**EXERCISE DESCRIPTION**
Every line from the opening of the records to the line with "Workshop at 'BBC Blast!'" should be restated exactly, with both ends included and the pictures left out.

**WORKING DATA**

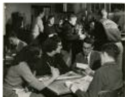
Students at lunch (MS 0061-19-06-012)
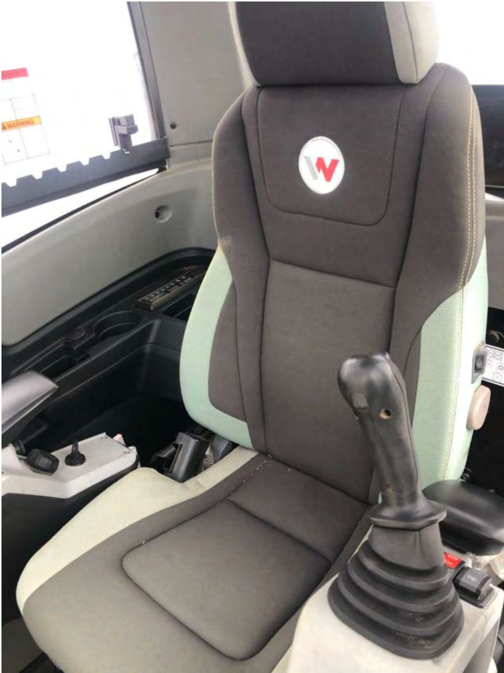
Seat / 02-16-2021
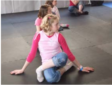
Workshop at 'BBC Blast!'

Green Candle was invited to lead two workshops over two days as part of 'BBC Blast on Tour 2007' held at Hertfordshire University. A total of twelve participants attended the workshops, culminating with the group performing alongside peers in 'Merge', an informal sharing of work to close off the weekend.
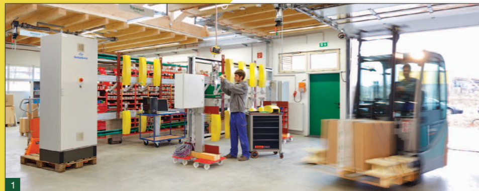
Photo 1-3: The EWS headquarters in Hameln, Germany, accommodates space for its growing family and production capacity.
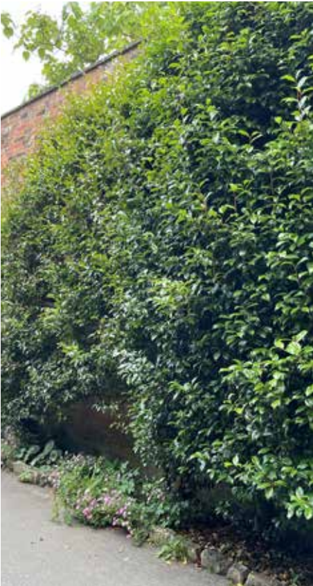
Fig.18 Camellia sasanqua varieties on Engine House
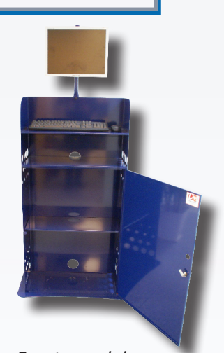
Front panel door open

Overall external W 600 x D 460 x H 1300 mm
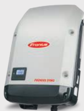
/ FRONIUS SYMO 3.0 - 20.0 kW 3-phase
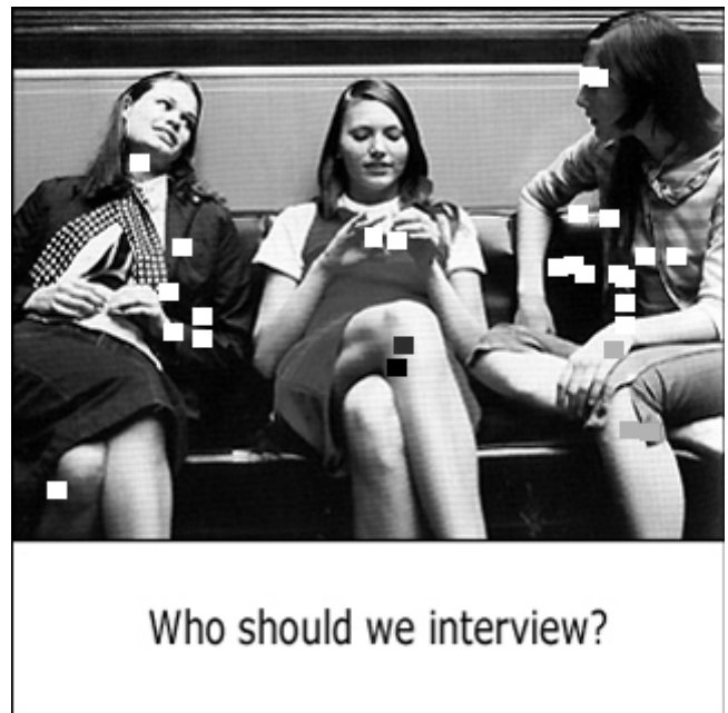
Figure 3: Election Image with 27 votels from the field test.

What constitutes a “goal” that users are voting on? For typical navigation questions such as “Where should we go next?”, or “Who should we speak with next?” the goals are meaningful regions or segments of the image. We propose to use clustering algorithms [22] to identify groups of neighboring votels. After votels are classified into groups,

**RESPONSE TO THIS TASK**
Students at lunch (MS 0061-19-06-012)
Seat / 02-16-2021
Workshop at 'BBC Blast!'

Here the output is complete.